_Stored items_
* * * * *

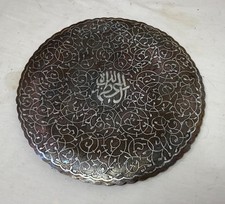 Thick antique handmade Middle Eastern sterling silver copper decorative plate
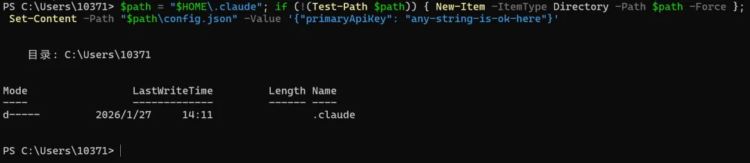 $path = "$HOME.claude"; if (!(Test-Path $path)) { New-Item-ItemType Directory -Path $path -Force }; Set-Content-Path"$path\config.json"-Value'{"primaryApiKey": "any-string-is-ok-here"}'
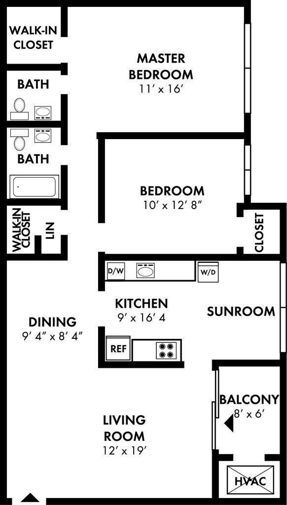 Modelo de apartamento: One Bedroom - 924 sqftLlame para Precios1 Dormitorio, 1 Baño, 924 sq ftNo Disponible![]()
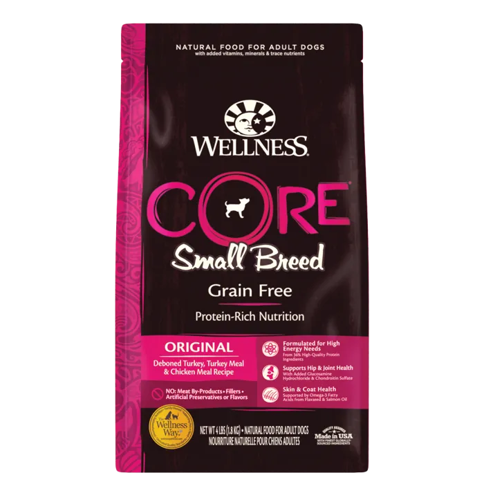 Wellness CORE Grain Free Original Small Breed Recipe is formulated with optimum protein and calorie levels which help support small breeds who tend to have higher energy levels. This recipe has a smaller kibble size to accommodate the smaller mouths of our beloved small breed pets, making it easier for them to eat and enjoy their meals. This nutrient dense recipe includes high quality proteins such as Deboned Turkey, Turkey Meal, and Chicken Meal. In addition, this recipe includes Glucosamine and Chondroitin to help maintain healthy joints and strong bones.
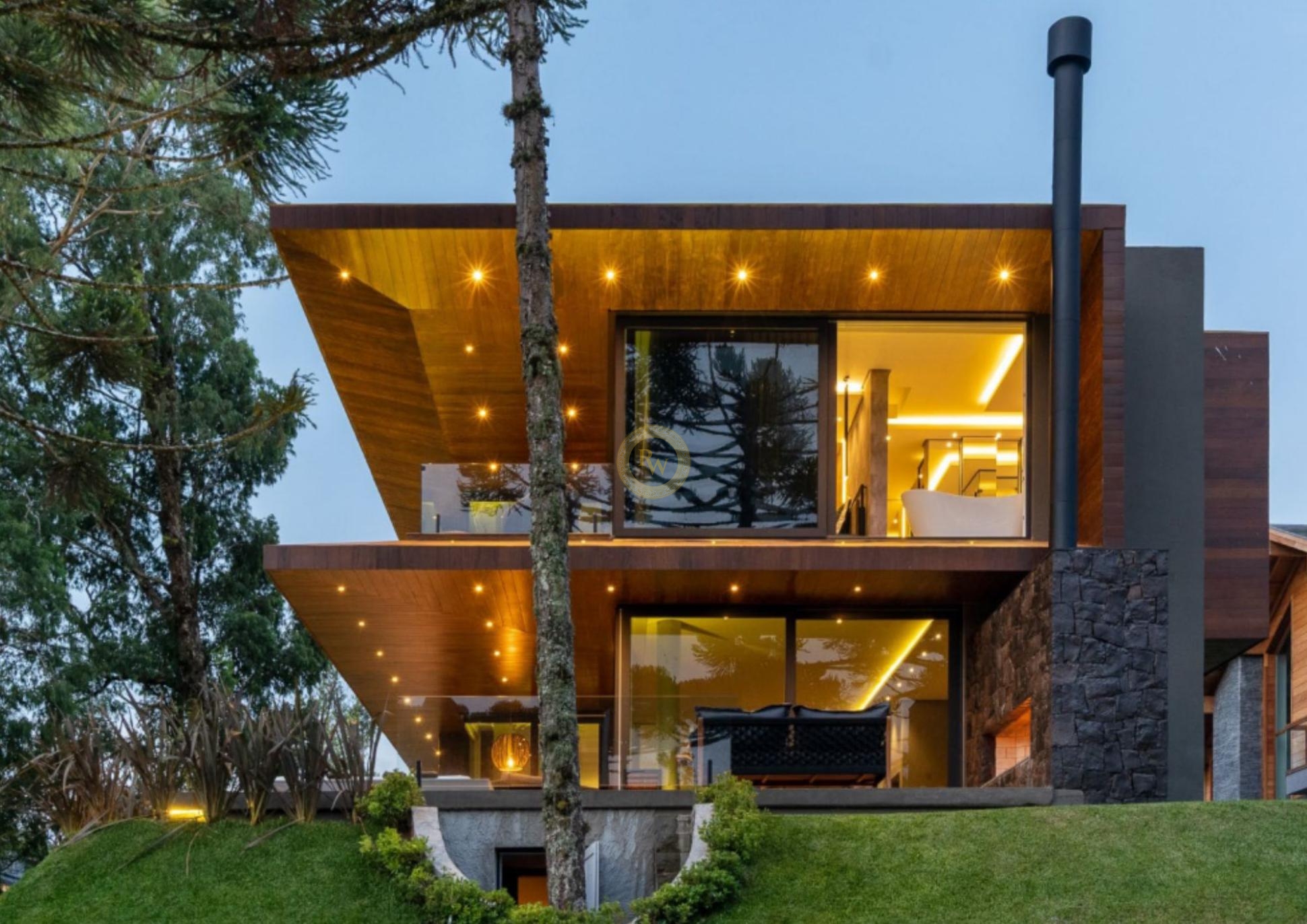 Revestimento externo com madeira nobre;

* * * * *

_What is needed_
Copy out the lines above in full and unaltered, apart from the pictures.

_Solution to this problem_
 Thick antique handmade Middle Eastern sterling silver copper decorative plate
 $path = "$HOME.claude"; if (!(Test-Path $path)) { New-Item-ItemType Directory -Path $path -Force }; Set-Content-Path"$path\config.json"-Value'{"primaryApiKey": "any-string-is-ok-here"}'
 Modelo de apartamento: One Bedroom - 924 sqftLlame para Precios1 Dormitorio, 1 Baño, 924 sq ftNo Disponible![]()
 Wellness CORE Grain Free Original Small Breed Recipe is formulated with optimum protein and calorie levels which help support small breeds who tend to have higher energy levels. This recipe has a smaller kibble size to accommodate the smaller mouths of our beloved small breed pets, making it easier for them to eat and enjoy their meals. This nutrient dense recipe includes high quality proteins such as Deboned Turkey, Turkey Meal, and Chicken Meal. In addition, this recipe includes Glucosamine and Chondroitin to help maintain healthy joints and strong bones.
 Revestimento externo com madeira nobre;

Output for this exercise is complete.